Tesla shares rise to record highs, leaving rivals behind


(Reuters) – Tesla Inc shares continued their meteoric rise on Thursday, scoring another record high and further widening the gap between the Silicon Valley electric carmaker and its traditional competitors in the auto industry.

FILE PHOTO: Tesla Inc. Gigafactory 2, also known as RiverBend, is pictured at the spread of coronavirus (COVID-19) disease, in Buffalo, New York, USA, March 26, 2020. REUTERS / Lindsay DeDario

Tesla shares rose to $ 2,290 in midday trading before leveling at $ 2,240, the highest price since the company was announced at $ 17 per share in 2010.

Tesla’s shares have risen more than 420% since the beginning of this year, making some retail investors millionaires.

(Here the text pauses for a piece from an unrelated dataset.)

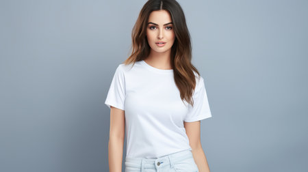 Woman standing against a plain white background, presenting a blank white t-shirt, ideal for showcasing apparel designs, branding, and minimalist fashion concepts on clothing

While other automakers will be forced to invest billions to overhaul their internal combustion engine operations to produce car-powered cars, investors are confident that Tesla can make the shift from a niche automaker to a global leader in cleaner cars.

Tesla became the most valuable automaker in the world by capitalization when it took over former Toyota Motors Corp. on July 1. The company now accounts for 41% of the total market cap of a group of 12 of the world’s largest car manufacturers.

(Graph: market capitalization of Tesla stock rally dwarfs rivals Tesla stock rally cross rivals’ market cap – here)

Tesla produces only a fraction of the cars sold by established global automakers, many of which are considered growth engines for their local economies.

Japanese Toyota and German Volkswagen AG (VOWG_p.DE) sold 10.46 million and 11 million cars, respectively, in fiscal year 2019. That is comparable to the 367,200 cars Tesla delivered in 2019.

Tesla has said it would supply at least half a million cars by the end of 2020, less than 5% of Toyota and Volkswagen’s annual sales.

But Tesla survived outbreaks in the industry of the novel coronavirus pandemic and reported a second-quarter profit in July, clearing an obstacle that could lead to the electric carmaker’s inclusion in the S&P 500 index.